_Activity_
The stretch wanted below opens at the line containing "I'm trying to" and closes at the line containing "Sheet1에 있는 주문명과". Please return it exactly, with no other lines.

_Entries supplied_
###

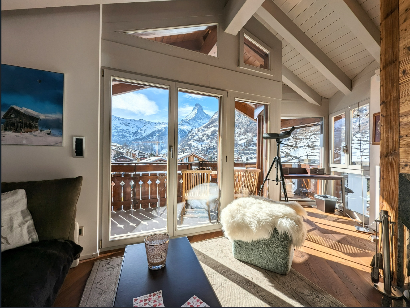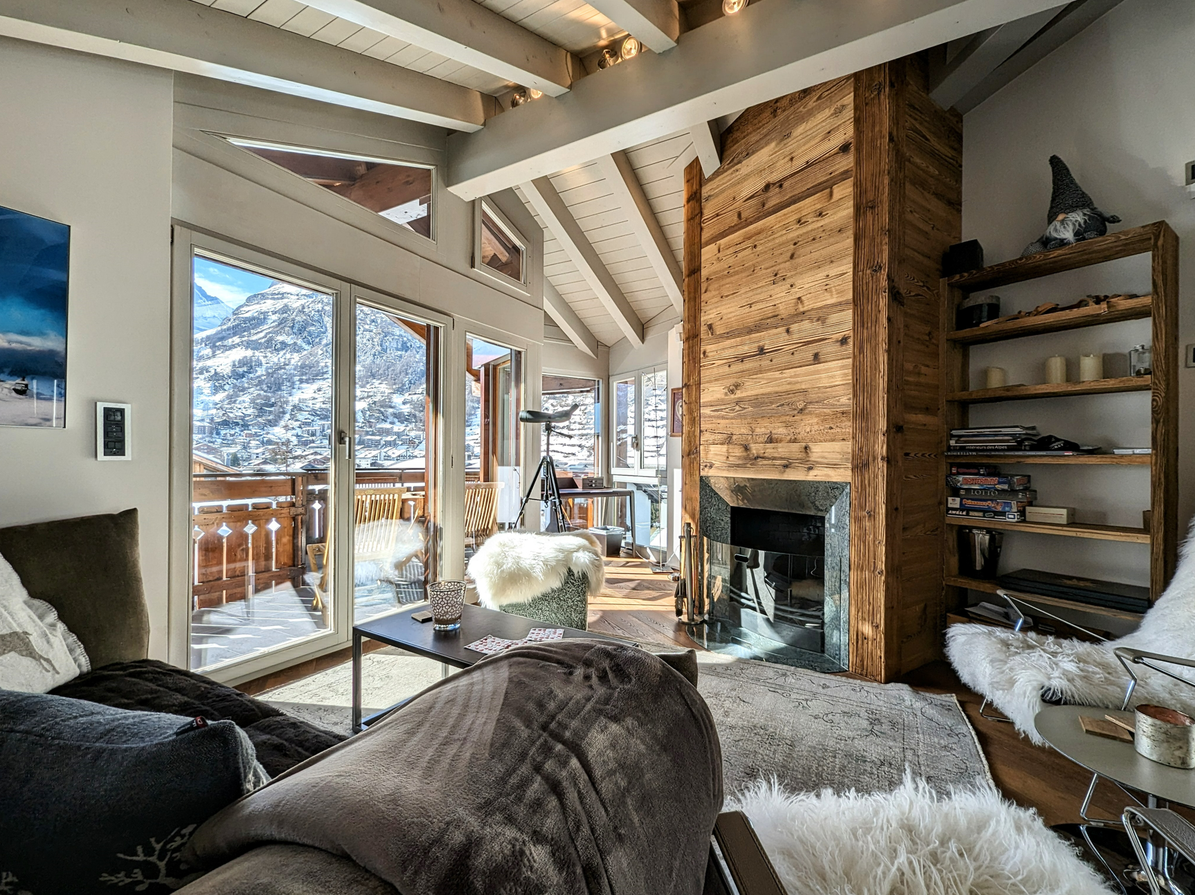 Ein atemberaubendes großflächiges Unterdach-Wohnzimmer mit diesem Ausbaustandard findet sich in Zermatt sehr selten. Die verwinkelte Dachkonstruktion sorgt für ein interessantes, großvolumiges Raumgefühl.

###

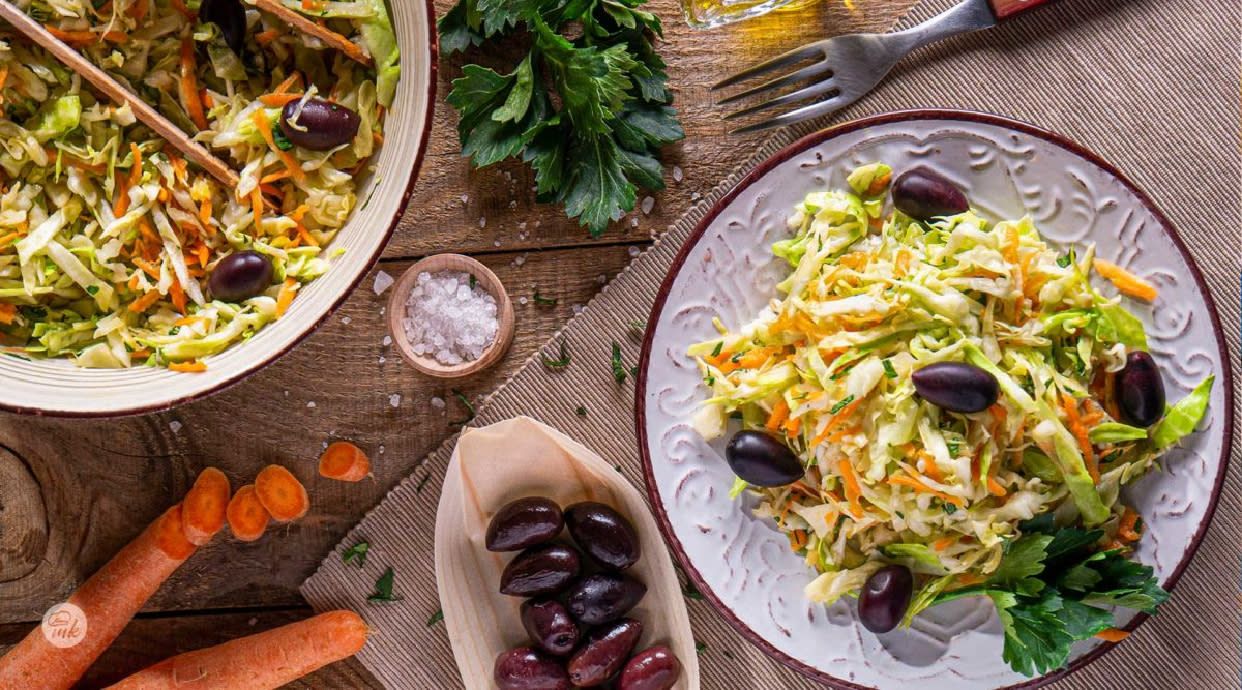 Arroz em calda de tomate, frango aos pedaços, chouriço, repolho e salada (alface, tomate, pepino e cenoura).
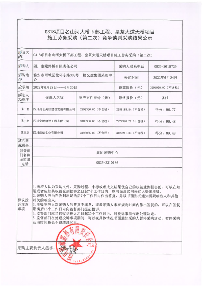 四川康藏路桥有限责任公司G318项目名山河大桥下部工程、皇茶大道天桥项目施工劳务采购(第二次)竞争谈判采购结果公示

###

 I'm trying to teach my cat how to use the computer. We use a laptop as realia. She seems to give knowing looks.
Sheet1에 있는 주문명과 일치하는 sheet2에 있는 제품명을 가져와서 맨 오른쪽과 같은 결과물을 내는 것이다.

###

_Expected answer_
 I'm trying to teach my cat how to use the computer. We use a laptop as realia. She seems to give knowing looks.
Sheet1에 있는 주문명과 일치하는 sheet2에 있는 제품명을 가져와서 맨 오른쪽과 같은 결과물을 내는 것이다.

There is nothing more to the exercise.